# 4. Understanding Classification Problems

In previous workshops, we focused on regression problems, learning how to predict continuous variables using methods like Random Forest and Neural Networks. Today, we will work on a different type of problem: **classification**. Specifically, we will use machine learning to predict a **sediment categorical characteristic**, based on its **location** and some **physical characteristics**.

Our dataset comes from the Geological Survey of the Netherlands and contains descriptions of sediments from the North Sea. Today, we will use a small, pre-processed subset of the dataset, but you can download the full dataset (and many other geological datasets!) at  [DINOloket](https://www.dinoloket.nl/en/subsurface-data). 


![DINOloket](images/5_DINOloket.png)

## 4.1 Problem Definition

In this workshop, we will use a dataset containing sample descriptions of sediments from the North Sea. When a sample is collected, the Geological Survey of the Netherlands (GDN as denoted in Dutch) follows a standard method to describe the sediment. Using this "Standard Drill Description Method" ([Standaard Boor Beschrijvingsmethode](https://www.grondwatertools.nl/sites/default/files/GDN_SBB-NITG-00-141-A-(3)_20161111.pdf)) the GDN aims to systematically capture multiple characteristics of the collected samples. This method does not only apply to marine sediments, but to any sample that is described by the GDN. Of course, some characteristics only apply to certain types of samples. 

While some of these descriptions can be made quickly, others require laboratory analysis, which is more time-consuming and resource-intensive. Today, we will try to predict one of the time-consuming measurements (i.e. **Medium sand size category**) based on **location** and some easy-to-describe **sediment properties**.

The **Medium sand size category** corresponds to **7** different categories in our dataset based on the size sand size of the sample.

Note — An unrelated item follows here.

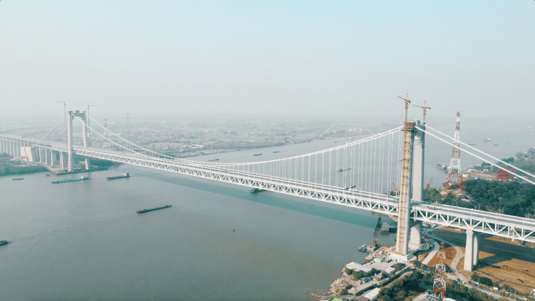 五峰山长江大桥位于连镇高铁扬州东至大港南站间,是世界上首座运行荷载量最大的高速公铁两用悬索桥,全长6.4公里。五峰山长江大桥荷载的公路、铁路车道数量和重量,都分别远远超过国际同类桥梁,刷新多项世界纪录,实现“中国制造”向“中国创造”历史性跨越。

This measurement only applies to samples described as sand and those that have a representative portion of sand admixture. 

| Class            | Sand Median (µm)     | Code  |
|-------------------|----------------------|-------|
| Extremely fine    | 63 ≤ x < 105           | ZUF   |
| Very fine         | 105 ≤ x < 150          | ZZF   |
| Moderately fine   | 150  ≤ x < 210          | ZMF   |
| Moderately coarse | 210 ≤ x < 300          | ZMG   |
| Very coarse       | 300 ≤ x < 420          | ZZG   |
| Extremely coarse  | 420  ≤ x< 2000         | ZUG   |

**Other categories (ABM = NEN209 and ONB)**:

- Coarse category: 210 - < 2000 µm (ZGC)


Below are the predictor variables and the target variable for this exercise. Note that the sediment properties (e.g., color, calcareous portion) are also classified according to the categories in the 'Standard Drill Description Method'. If you want more details about these features, refer to the [document](https://www.grondwatertools.nl/sites/default/files/GDN_SBB-NITG-00-141-A-(3)_20161111.pdf) (information in Dutch).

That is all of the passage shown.